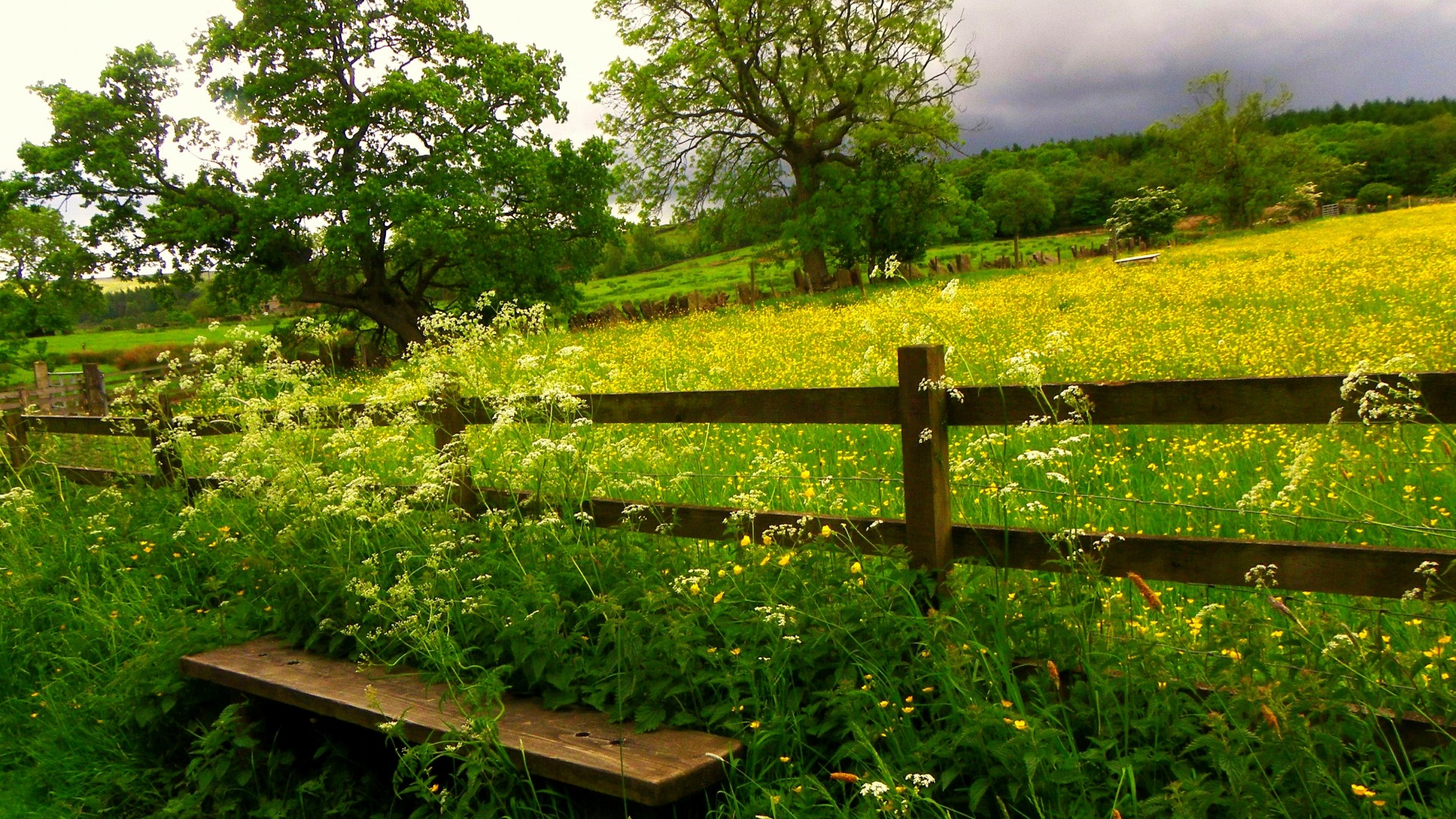 免费下载夏天花场树花蓝天白云草地电脑桌面风景壁纸
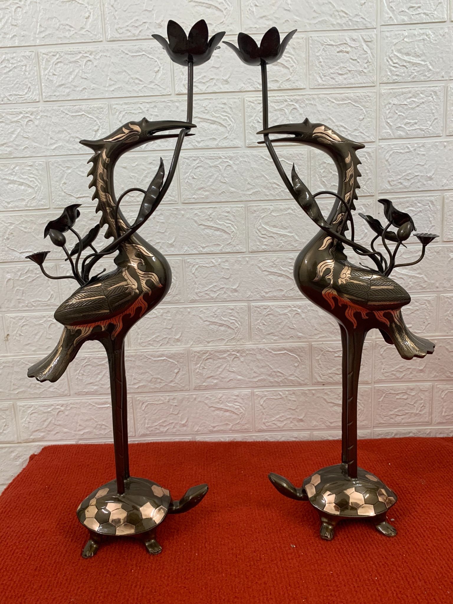 Hình ảnh hạc ngậm sen đứng trên lưng rùa là biểu tượng của sự kết hợp âm dương, đất trời, thể hiện mong ước một đời bình an, yên ấm của mỗi gia đình. Trong phong thủy, ý nghĩa đôi hạc thờ cúng được xem như một biện pháp “trấn phong thủy”, có khả năng ngăn chặn tà khí, điều không may mắn xâm nhập vào nhà
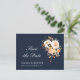 watercolor fall burgundy, blush and gold flowers with white script design and navy blue colour. You can edit the text and colours.
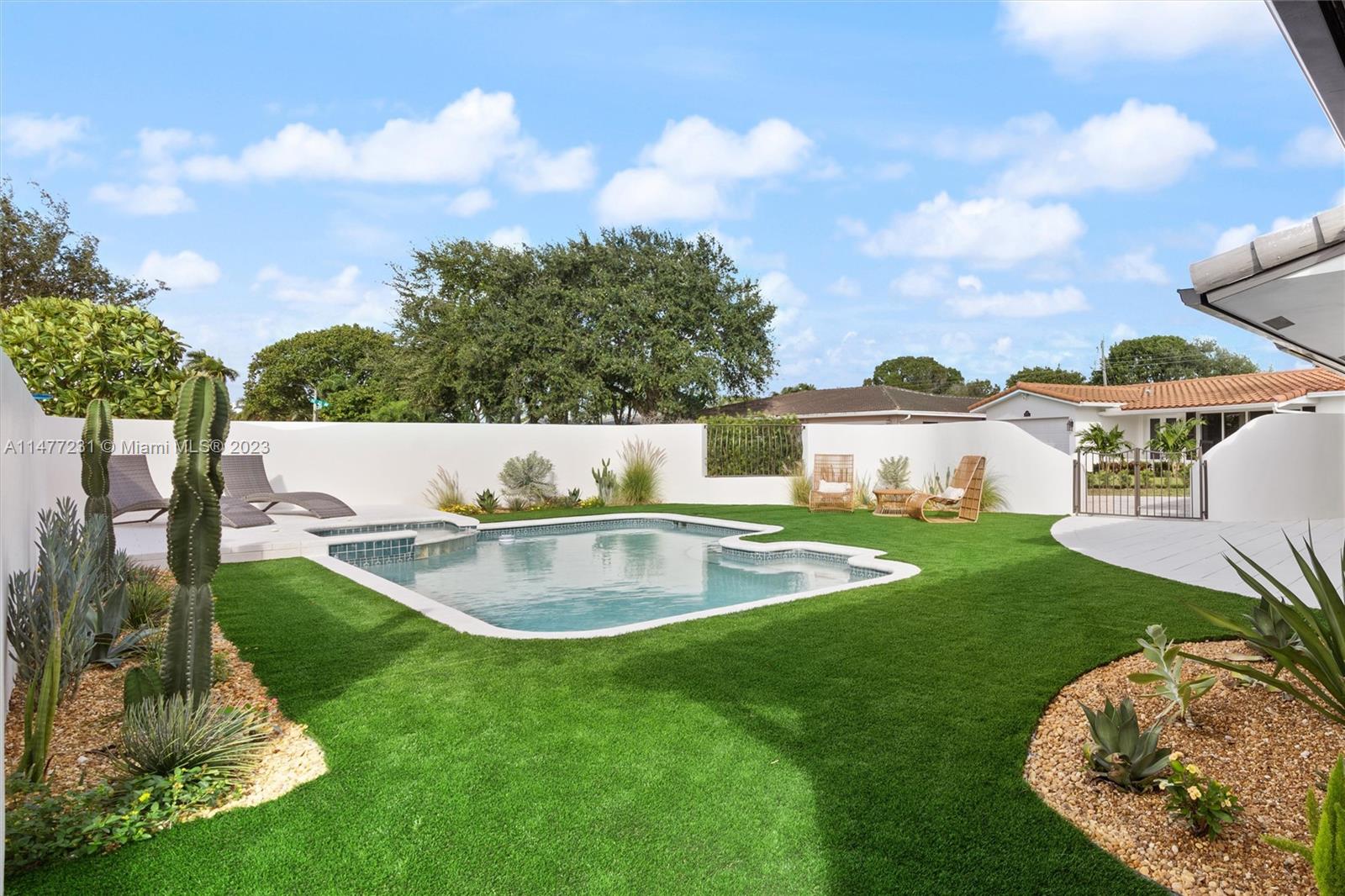 Palm Desert mid-century modern oasis! Built from the shell in 2023, this immaculate home boasts a 4 bedrooms / 3 bathrooms split layout floor plan. Step inside and be greeted by the spacious living areas, flooded with natural light and adorned with sleek finishes. The heart of this home is the chef's kitchen, featuring top-of-the-line appliances and an abundance of storage space, making it a dream come true for culinary enthusiasts. Indulge in outdoor living at its finest with a pool and hot tub gracing the front yard, creating an idyllic setting for relaxation and entertaining guests. Located within walking distance to some of the best schools in the state, this home offers an ideal setting for families seeking a quality education for their children.
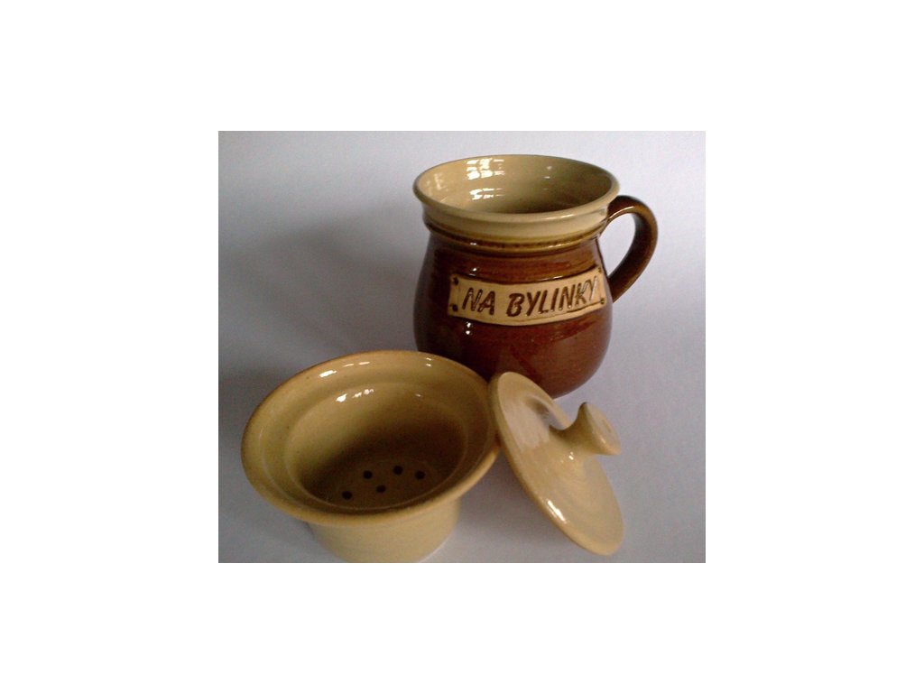 Ručne robený bylinkový hrnček z glazovanej kameniny, s vrchnáčikom a sitkom.
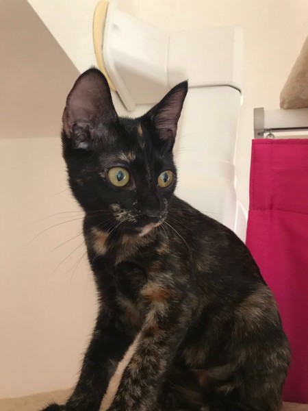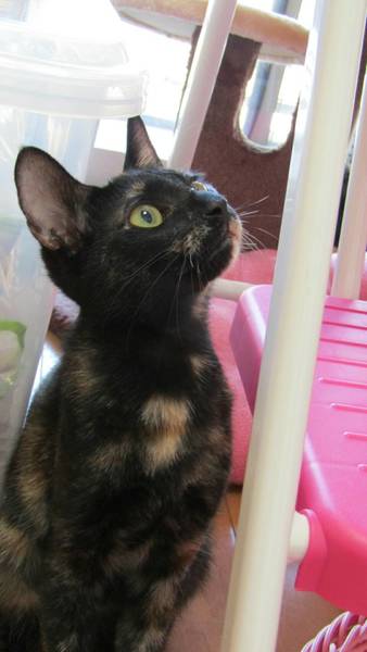 | 特徴(性格など) | サビ(少しキジ入っています)。肉球がチョコレート色の中にピンクの部分があってカラフル! とっても温厚で、甘えて短くキャッキャッと鳴くのがすごく可愛い(*´-∀-) 3秒でゴロゴロいってきます(*´-∀-) 甘えん坊で、少し甘噛みする癖が出てきましたが、しつこくはありません(可愛くカプッって噛まれたらラッキー!と思う程度です^^) きょうだいのしーちゃん・くーちゃんと今は元気に走り回っています(^▽^)/ 一匹でも先住さんがいても大丈夫だと思います。 エイズ&白血病共に陰性。 |

> [Action item] Make an exact copy of all entries above, dropping the images.

> [Response]
 免费下载夏天花场树花蓝天白云草地电脑桌面风景壁纸
 Hình ảnh hạc ngậm sen đứng trên lưng rùa là biểu tượng của sự kết hợp âm dương, đất trời, thể hiện mong ước một đời bình an, yên ấm của mỗi gia đình. Trong phong thủy, ý nghĩa đôi hạc thờ cúng được xem như một biện pháp “trấn phong thủy”, có khả năng ngăn chặn tà khí, điều không may mắn xâm nhập vào nhà
 watercolor fall burgundy, blush and gold flowers with white script design and navy blue colour. You can edit the text and colours.
 Palm Desert mid-century modern oasis! Built from the shell in 2023, this immaculate home boasts a 4 bedrooms / 3 bathrooms split layout floor plan. Step inside and be greeted by the spacious living areas, flooded with natural light and adorned with sleek finishes. The heart of this home is the chef's kitchen, featuring top-of-the-line appliances and an abundance of storage space, making it a dream come true for culinary enthusiasts. Indulge in outdoor living at its finest with a pool and hot tub gracing the front yard, creating an idyllic setting for relaxation and entertaining guests. Located within walking distance to some of the best schools in the state, this home offers an ideal setting for families seeking a quality education for their children.
 Ručne robený bylinkový hrnček z glazovanej kameniny, s vrchnáčikom a sitkom.
 | 特徴(性格など) | サビ(少しキジ入っています)。肉球がチョコレート色の中にピンクの部分があってカラフル! とっても温厚で、甘えて短くキャッキャッと鳴くのがすごく可愛い(*´-∀-) 3秒でゴロゴロいってきます(*´-∀-) 甘えん坊で、少し甘噛みする癖が出てきましたが、しつこくはありません(可愛くカプッって噛まれたらラッキー!と思う程度です^^) きょうだいのしーちゃん・くーちゃんと今は元気に走り回っています(^▽^)/ 一匹でも先住さんがいても大丈夫だと思います。 エイズ&白血病共に陰性。 |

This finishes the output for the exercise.